PADOH's single-minded focus on cancer also limits the study's usefulness. Even though locals report what seem to be high rates of other autoimmune disorders including Graves' disease and multiple sclerosis, PADOH looked only at cancer. And the study was lazy in its methodology. Faced with the serious concern that something's wrong with a community's health, PADOH didn't bother to send anyone to talk with local residents or even to survey them by mail or phone. PADOH staff simply sat at their desks, crunched some readily available numbers, and drew conclusions utterly disconnected from the reality on the ground.

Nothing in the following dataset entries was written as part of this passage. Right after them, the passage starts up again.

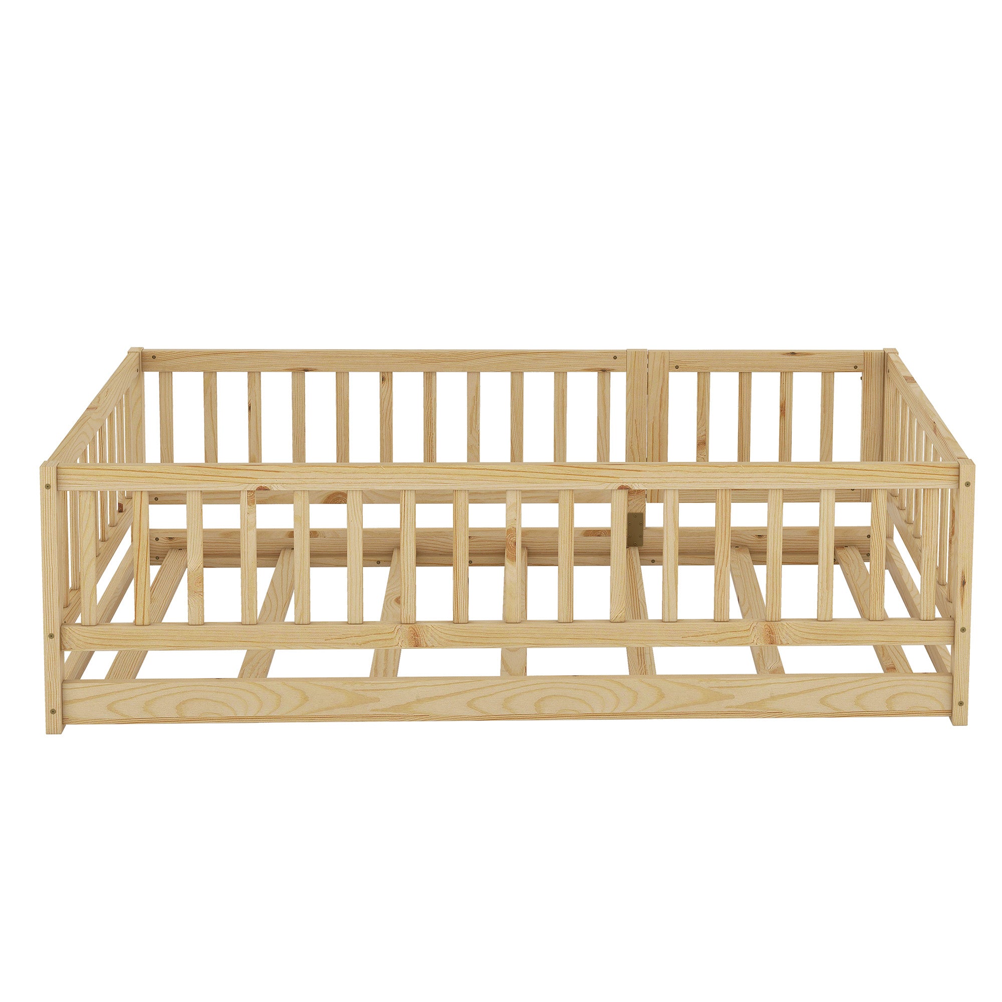 - [Floor Bed with Fence and Door]The four guardrail of the montessori floor bed are not truncated, so our twin floor bed is more stable than a regular floor bed. There is a small door that can be opened and closed, which increases the interest of the montessori floor bed and creates a more safety sleeping space. Fence Hight: 21.5'. Note: The Door is removable.
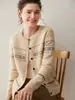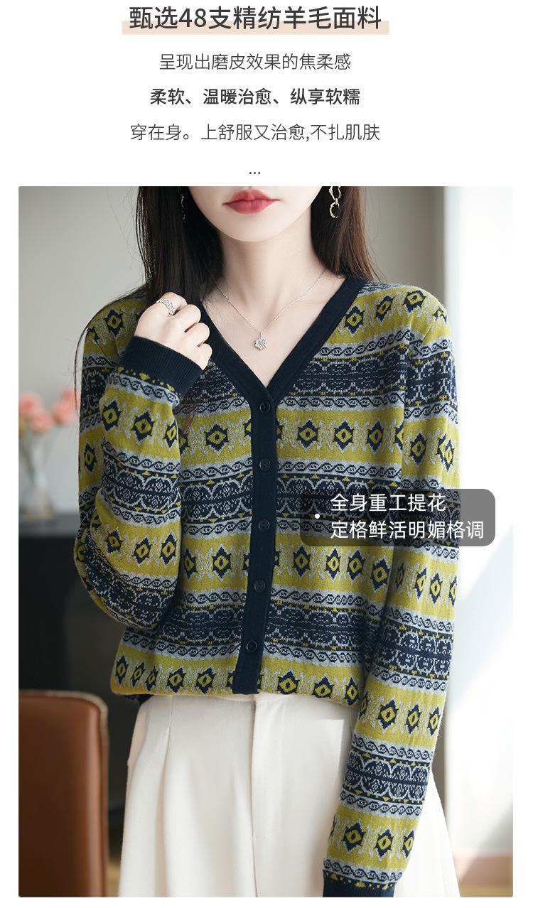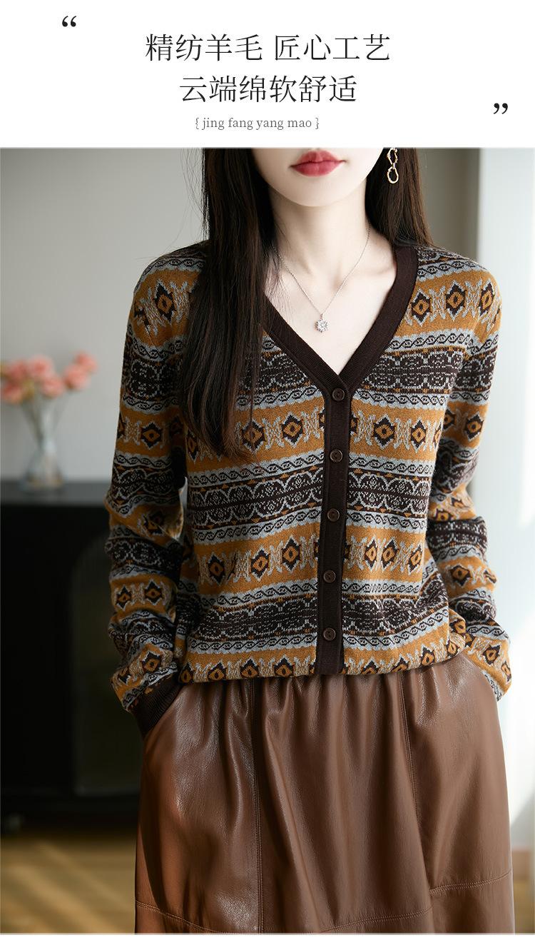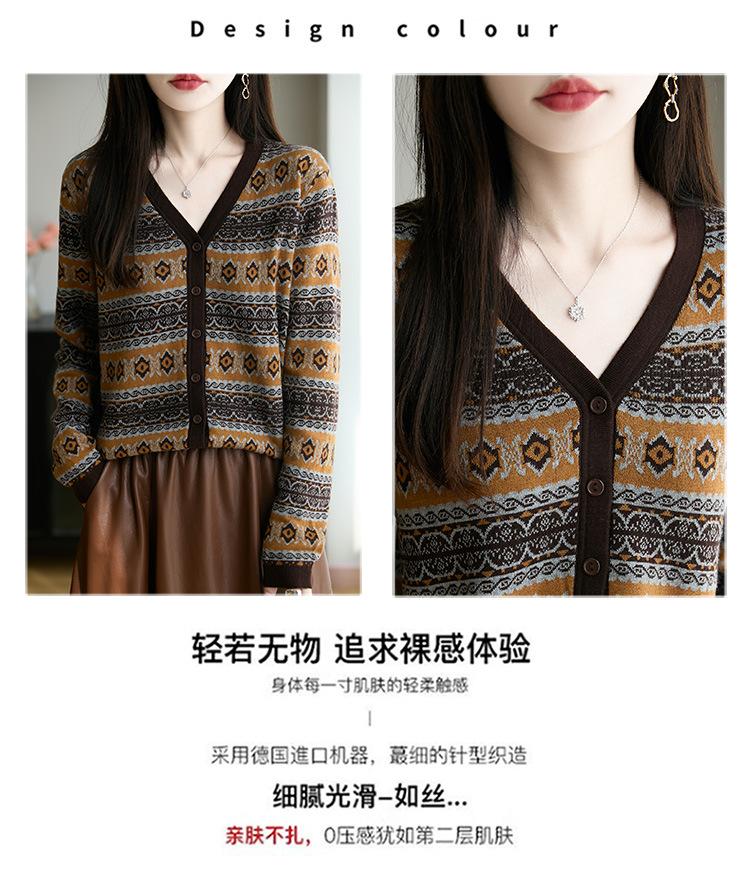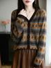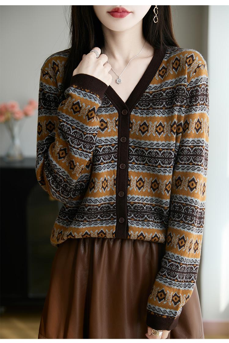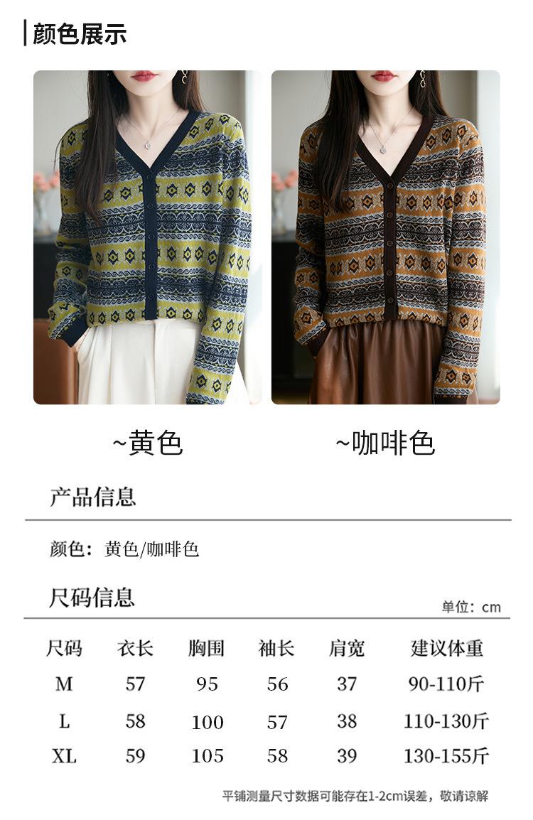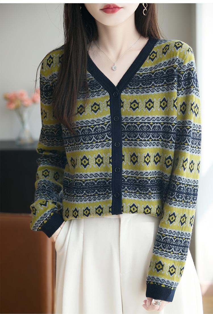 Cárdigan de Punto de Lana Fina Retro Nuevo de Principios de Otoño 2025 con Cuello en V y Manga Larga para Mujer, Abrigo Superior Suelto Jacquard
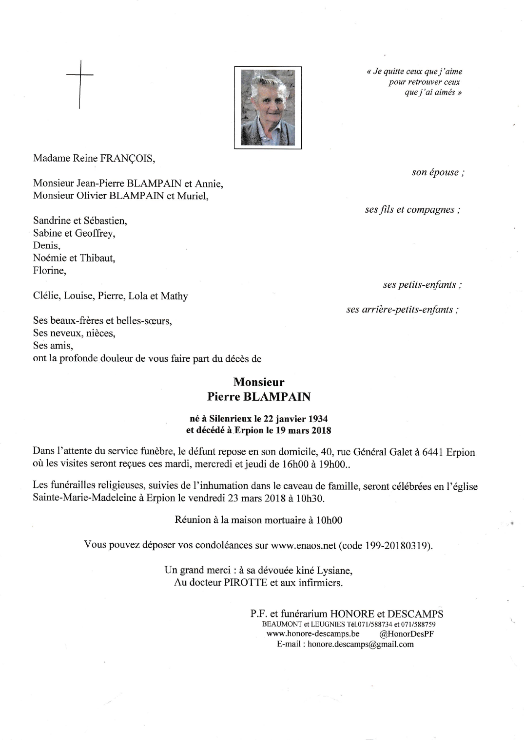 Décédé à Erpion (6441) le lundi 19 mars 2018 à l'âge de 84 ans
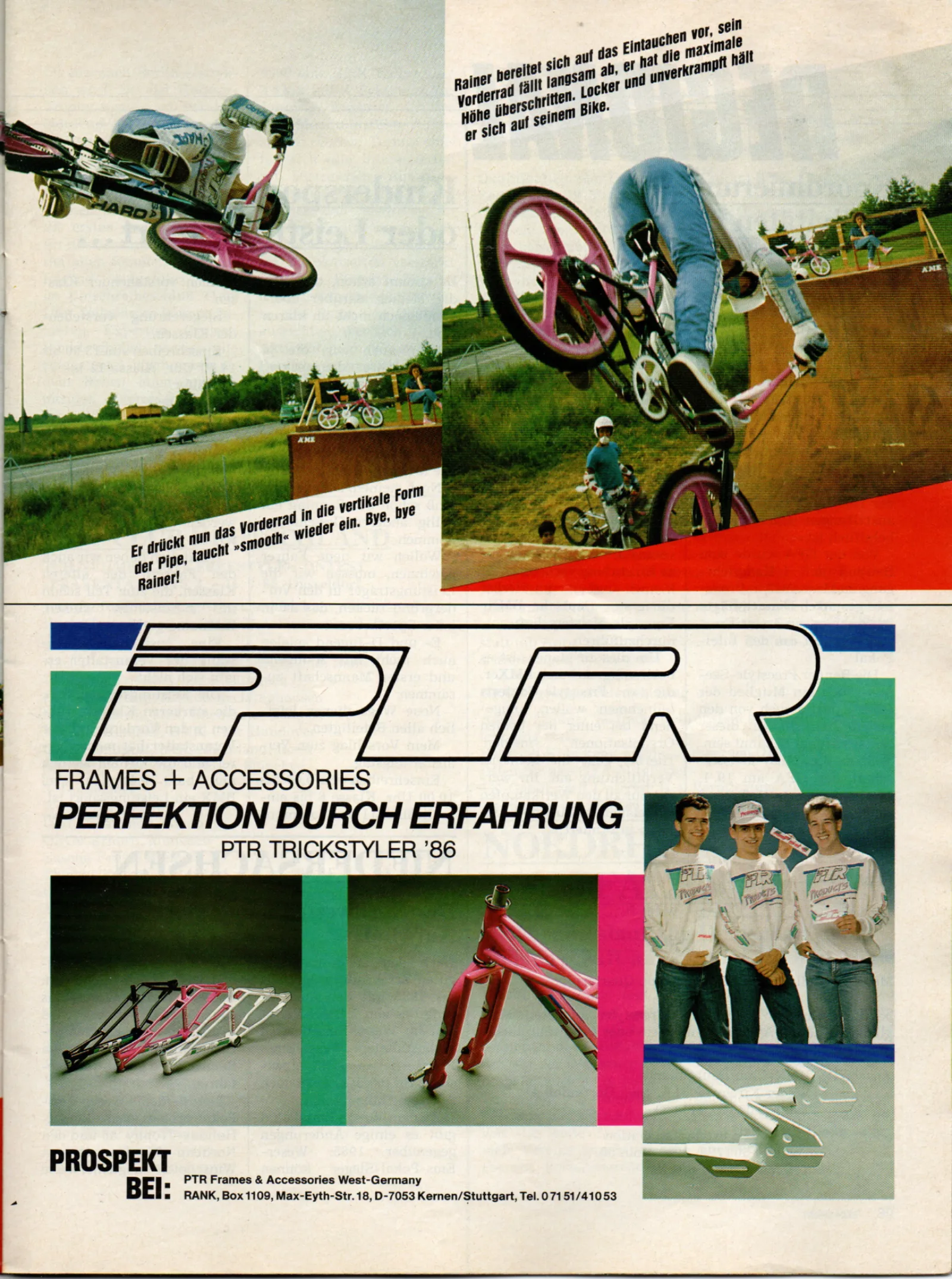 After Patrick, Thomas and Rainer jointly decided to end the PTR trick team in 1986 and discontinue frame production, Rainer rode for Haro for a while longer, faced the competition in Cologne's Jugendpark in 1987 and used another trip to the USA to tick Ron Wilkerson's "Enchanted Ramp" off the ultimate BMX bucket list of the mid-80s after Upland and the legendary "T.O.L." halfpipe, which he visited on the team's second trip to the USA. Towards the end of 1987, however, he also ended his career and the "PTR" chapter was finally history.

Hello, PADOH? Too many people in the Hometown area are sick. If you don't believe me, ask the doctors. Ask the pharmacists. Ask the oncologists. There's something wrong there. When are you going to stop fiddling with statistics and do something to help people? In tiny little Still Creek alone, three people are suffering from PV. Doesn't that set off alarm bells for you? And it's not just PV. When my father was dying of kidney cancer in 1998, three other men in that Hometown neighborhood - one next door to my family's house, one four doors away, the other five doors away - also were suffering from kidney cancer. They have all since died. Within a few doors of my family's home, there have been at least two brain cancers, six breast cancers, an intestinal cancer, lung cancer, testicular cancer, three cases of Graves' disease, two Parkinson's disease, one rheumatoid arthritis, and one polymyositis, a rare autoimmune disorder in which the body attacks its own muscles. And have you heard about all the cases of multiple sclerosis in Hometown?

Doesn't all that autoimmune illness in one small, rural community worry you? Don't you want to know what's happening there? Don't you think a door-to-door survey is in order to assess residents' health?

Or could it be that you don't really want to know what's going on? Could it be that you're seeking not the truth about Hometown's health but plausible deniability?

Because that's what it's starting to look like.